Prof Lawrence Young, Virologist and Professor of Molecular Oncology, Warwick Medical School, University of Warwick, said:

“The driving force behind cases of infection are a combination of two things – the amount of immunity in the population and human behaviour.  It is clear that while vaccines do a lot of the heavy lifting when it comes to keeping COVID-19 under control, other interventions are also required to prevent case numbers rising.  Faced with rapidly increasing levels of infection with the Omicron variant on the back of persistently high levels of delta infection, the only way to break the chains of transmission is to continue to expedite the booster campaign while also using other behavioural approaches such as more widespread use of face coverings, covid passes in crowded venues and, where possible, working from home.  Even if Omicron infection turns out to be milder, as data from South Africa suggests, high transmission rates will still result in a large number of hospitalisations.  The hope is that these Plan B restrictions will give us some breathing space to continue at pace with the roll out of booster shots while attempting to quench the spread of the Omicron variant in the run up to Christmas.”

 

Dr Julian Tang, Honorary Associate Professor/Clinical Virologist, Respiratory Sciences, University of Leicester, said:

“In the absence of data about the true clinical severity of omicron in the UK population, measures to limit its spread are a wise precaution – and these restrictions will also reduce the spread of delta and other respiratory viruses.

“The rate of doubling is getting more like flu which has a much shorter serial interval (the time between successive cases) than previous globally dominating SARS-COV-2 variants (alpha, delta).

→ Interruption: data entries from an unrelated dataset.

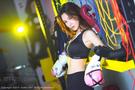 1127 长发年轻健身美女桃妖夭灰色胸衣开裆紧身裤
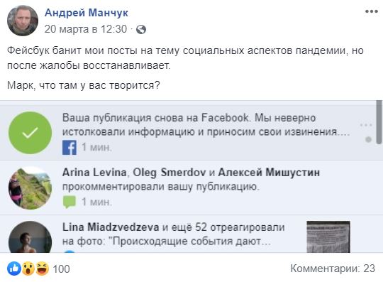 Журналист Андрей Манчук также заметил, что соцсеть стала блокировать посты на тему пандемии коронавируса. Но если пожаловаться на бан - то их восстанавливают.
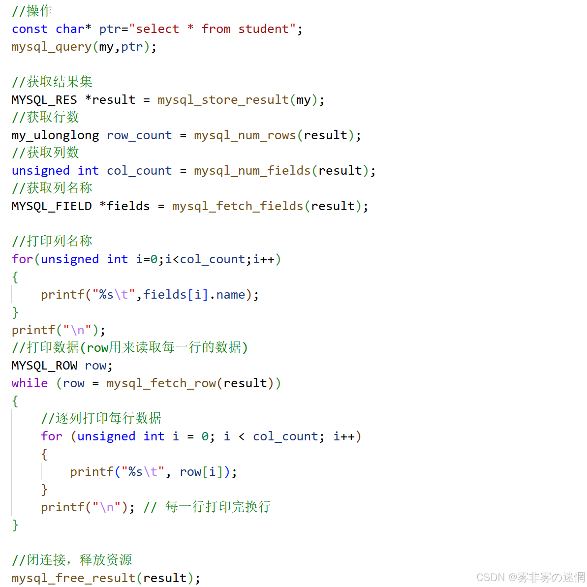 MYSQL_FIELD结构体数组,数组长度等于mysql_num_fields(res)的返回值。每个MYSQL_FIELD结构体的核心成员包括:name:列名(字符串);type:列的数据类型(如MYSQL_TYPE_INT对应 INT 类型);length:列的定义长度。
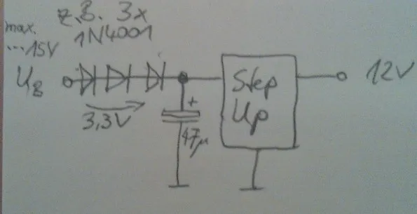 "Wobei ich versuchen würde zuerst mit einem StepDown 8 Volt zu erzeugen und dann mittels StepUp stabile 12 Volt erzeugen."
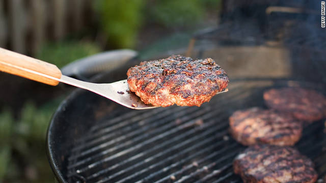 7. Make sure your burger’s cooked: While medium or rare burgers are tasty, you don’t want your burger to make you sick. Insert an instant-read thermometer in the thickest part of the patty to make sure you’ve cooked the meat to at least 160 degrees. But you don’t have to sacrifice the joy of a juicy burger for your health. “I like to place a disk of herb butter in the center of the meat patty,” says Raichlen. Or, try an “inside-out cheeseburger”: mix shredded cheese into your raw burger meat. The cheese melts as it cooks, keeping even well-done burgers moist.
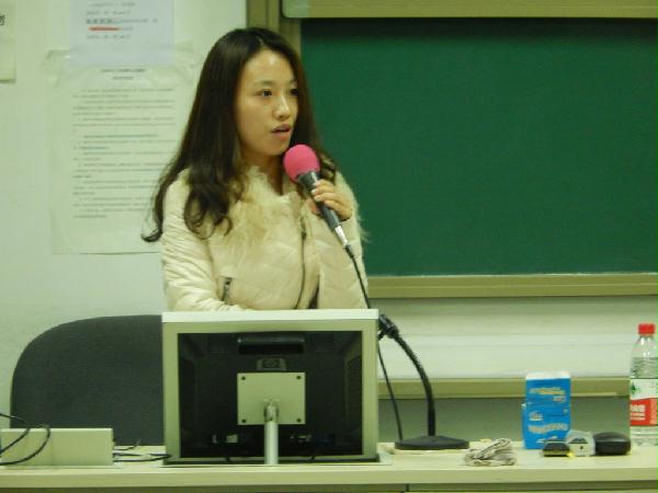 接下来,已签订了阿里巴巴产品经理的刘自慧学姐从“未来就业”、“实习”等方面的分享了自己的经验。刘自慧学姐的讲话以两张与导师、同学的合影开场,回顾了自己的大学生活。接着,刘自慧学姐从出国、考研、工作的选择开始,告诉同学们无论做怎样的选择,都不能只停留在“想”的迷茫层面,应该提前做好准备。然后,刘自慧学姐向同学们提出了几点考研的建议。她提出同学们应该有主见,不能随大流盲目考研的看法。其次,她因为认为确定好心仪的学校和专业,并且在考研复习中多关注报考学校的专业要求与内部信息也是十分重要的。
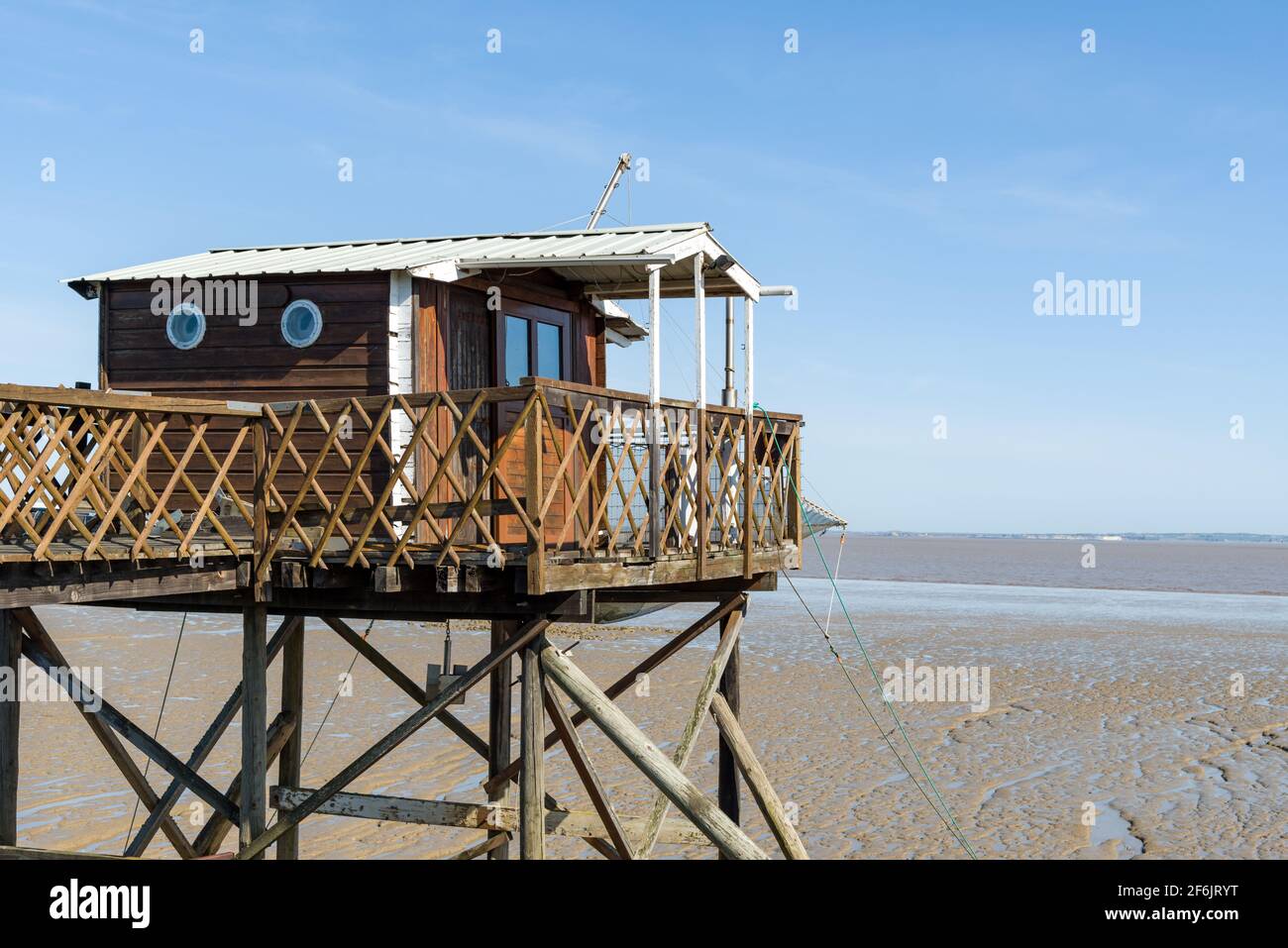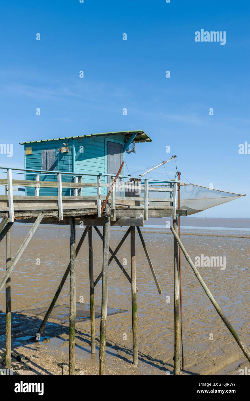 Médoc (France) cabane de pêcheur sur pilotis ou Carrelet au phare de Richard, estuaire de la
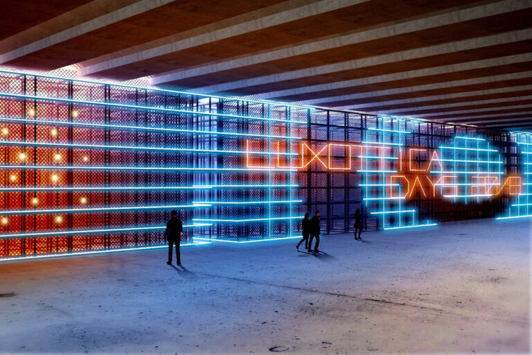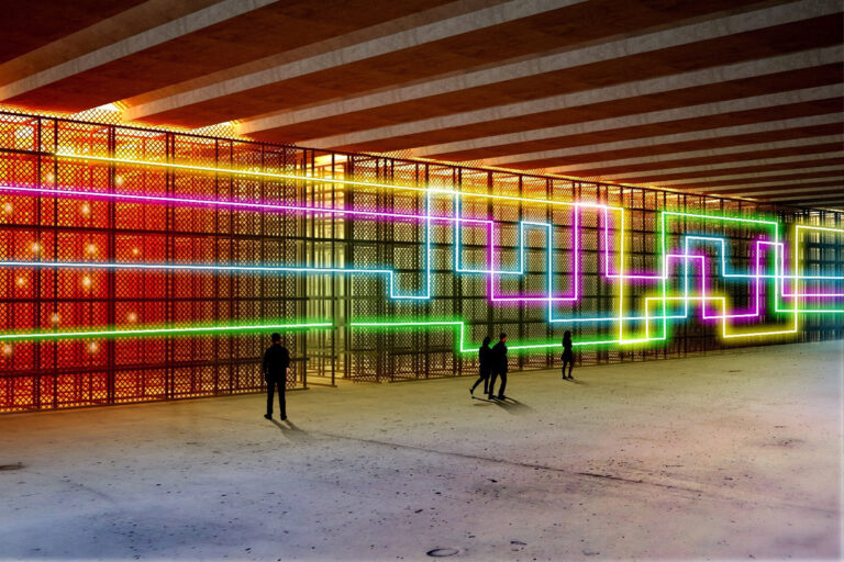 The installation evolves in real time. Sequences of light, synchronized with sound and spatial composition, create a choreography that is both immersive and intuitive.
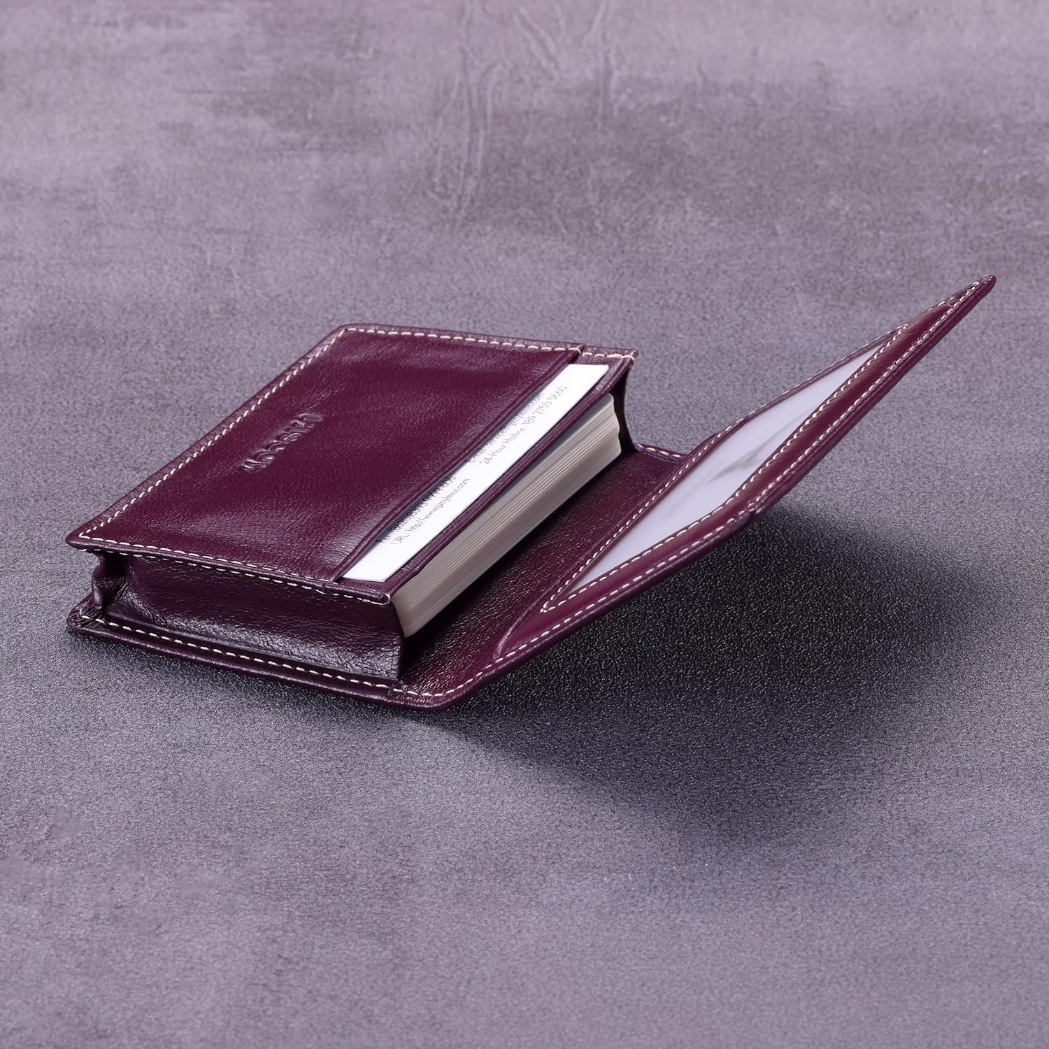 Leather Business Card Case Holder for Men & Women, Italian Calfskin
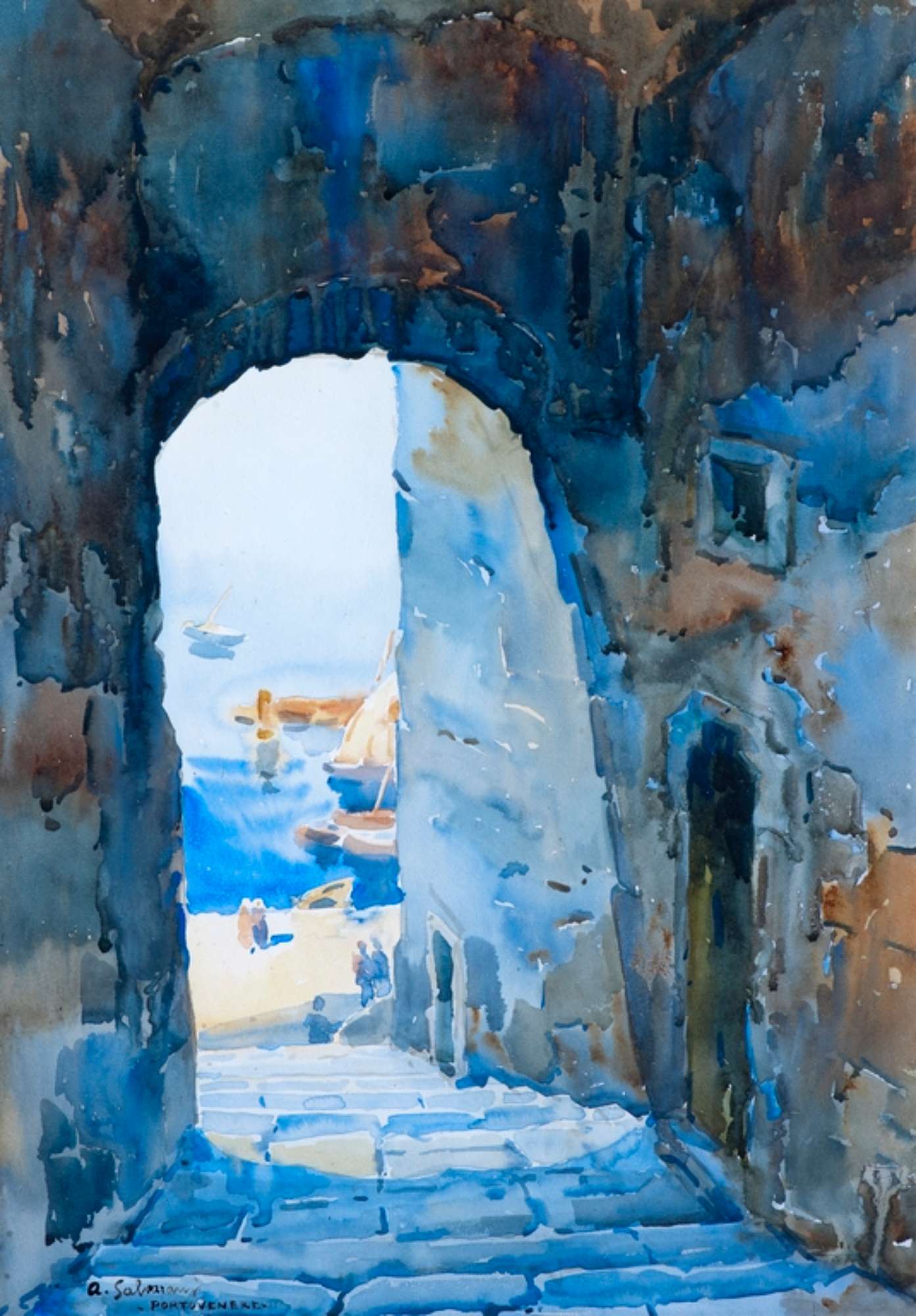 L’acquerello raffigura uno scorcio del mare di Portovenere, colto attraverso un vòlto: il percorso idealmente tracciato conduce dalla penombra di un vicolo al chiarore della luce di una assolata giornata marittima. Il dipinto, un acquerello in buono stato conservativo, come per la maggior parte delle opere del maestro è firmato in basso a destra ma non datato. All’interno del catalogo della mostra livornese del 1932 sono pubblicate molte vedute analoghe, scorci di città attraverso una porta o un arco o un’apertura in generale, come, ad esempio, Case di Portovenere, Vele a Cesenatico, Sottoportico a San Zaccaria (Venezia). Si propone di conseguenza una datazione attorno agli anni Trenta del Ventesimo secolo

“This is what I would expect to see in a virus that is further adapting to a new host.  Possible reasons for this might be two-fold: the virus eclipse (replication) phase is shorter – but also, infected individuals might be less sick or even asymptomatic – and are able to still move about in society to spread the virus to many others.

“So daily case numbers might then be increasing because more virus can replicate per unit time in a single host – but also because one infected yet only mildly ill person can still spread the virus to many others – in whom the virus can again replicate at a faster rate, causing only mild illness, to spread the virus even further.

“Imposing restrictions now will reduce delta and omicron variants and seasonal flu cases more significantly than if such restrictions are delayed and implemented next week, for example.

“Booster COVID-19 and seasonal flu vaccines will still reduce the severity and possibly the spread of these viruses leading into Christmas/New Year and beyond – and the sooner people get these, the sooner we can start to reduce the daily case numbers, hospitalisations and deaths from all of these viruses.

“Complying with these measures helps to protect you, your family, friends and colleagues – regardless of what others do or don’t do.

“If more of us follow these restrictions now – we can hopefully reduce the need for any local or national lockdowns later – which will be bad for everyone.”

 

Dr Shaun Fitzgerald, Royal Academy of Engineering Visiting Professor, University of Cambridge, said:

“This new variant is real problem and the scientific evidence laid out by the CMO is clear.  We have to act sooner than perhaps we think, and this has been the message from the GCSA throughout this pandemic.  So, additional measures now do indeed seem sensible.

“As someone who has looked at ventilation for a long time, one may well ask whether we can just increase ventilation rates for example to compensate for the additional transmissibility of the Omicron variant.  Alas, the modelling studies confirm that pulling one lever a bit harder on its own to tackle this kind of change is unlikely to have the necessary impact.  We can’t simply ventilate our way out of this problem.  Increasing the ventilation rate would help a bit, but other measures are needed and these were clearly explained in the press briefing this evening.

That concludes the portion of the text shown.